**Try it**
I would like the lines below, from the one with "This is the" through the one with "Blue bottle of", copied exactly and without any pictures.

-- Exercise data follows --

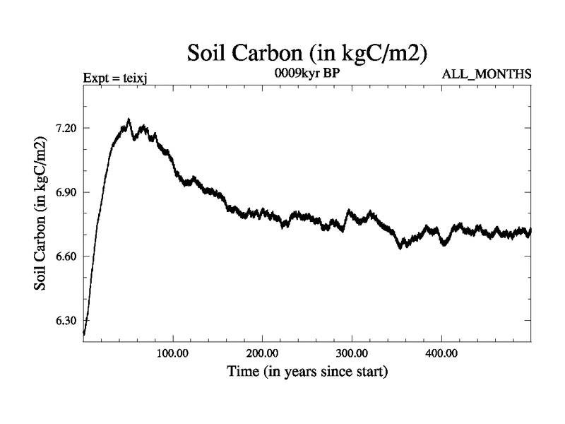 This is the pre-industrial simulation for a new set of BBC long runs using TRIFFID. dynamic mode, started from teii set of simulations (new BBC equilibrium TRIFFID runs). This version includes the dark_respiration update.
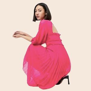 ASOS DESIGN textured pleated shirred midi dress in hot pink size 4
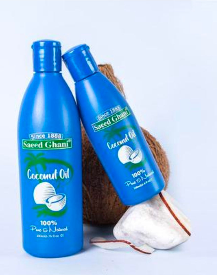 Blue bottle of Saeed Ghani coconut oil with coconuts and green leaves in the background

-- Exercise data concluded --
-- Exercise data follows --

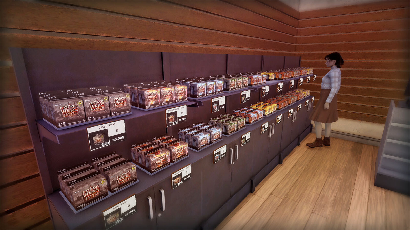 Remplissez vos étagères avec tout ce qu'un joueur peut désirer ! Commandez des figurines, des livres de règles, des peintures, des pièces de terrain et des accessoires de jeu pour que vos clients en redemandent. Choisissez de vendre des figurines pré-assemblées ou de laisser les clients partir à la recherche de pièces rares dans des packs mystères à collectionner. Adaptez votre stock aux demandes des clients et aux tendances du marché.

-- Exercise data concluded --

**Response to the task**
 This is the pre-industrial simulation for a new set of BBC long runs using TRIFFID. dynamic mode, started from teii set of simulations (new BBC equilibrium TRIFFID runs). This version includes the dark_respiration update.
 ASOS DESIGN textured pleated shirred midi dress in hot pink size 4
 Blue bottle of Saeed Ghani coconut oil with coconuts and green leaves in the background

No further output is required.